Fluxblog 528: in defense of "retro"
New songs by Spill Tab, TV Girl/George Clanton/Magdalena Bay, and The Marias
Appuie Tes Trois Mots Précis
Spill Tab “Assis”
The bass in “Assis” feels firm and strong, but still has a bit of slink to it. Pretty much everything surrounding it feels soft or loose – a vocal sung in French in a near-whisper, a keyboard part that seems largely improvised and mixed so the higher notes tickle like a tongue in your ear. It’s an extremely sexy composition that’s clearly recorded to feel as sensual and intimate as possible. As near as I can tell, the lyrics describe a scene between two lovers that’s sexy but a bit sad, as it’s from the POV of someone who’s in love with someone who seems to be losing interest in her. The lust comes through in the instruments, the longing is obvious in her voice whether you understand French or not.
Buy it from Bandcamp.
I Thought About You And You Finally Came
TV Girl and George Clanton featuring Magdalena Bay “Messy Hair”
We’ve been trained as consumers of culture to expect novelty in art and fashion, and to conflate newness with quality. And while it’s always exciting to experience innovations in art and design in the moment – almost always enabled by shifts in technology – the consumer’s pursuit of novelty is more about marketing, packaging, and commerce than it is about appreciating artistic expression. The flip side of this is the knee-jerk dismissal of “retro,” eye-rolling at either the seeming return of older aesthetics or the continued success of popular styles. I can sympathize with being sick of old styles, and feeling bored by predictable cycles of aesthetics going in and out of fashion. You can get jaded easily by this, but a lot of the time that’s just congratulating yourself for noticing a pattern.

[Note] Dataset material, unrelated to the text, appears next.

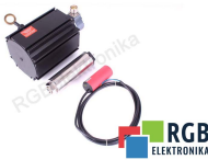
RB-220-07A R C&K

New C&K RB-220-07A R Tested and cleaned. 12 months guarantee Dedicated courier Delivery across Europe even in 2-3 working days

It’s better to think of the accumulation of styles as the gradual creation of a canon, a pantheon, a palette for future creation. “Nostalgia” isn’t always the point, particularly when artists reach back to times before they were alive. Ideas will be rooted in cultural moments and become shorthand for those eras, but ultimately it’s the same as new phrases and vocabulary become part of a shared lexicon – useful tools for expression.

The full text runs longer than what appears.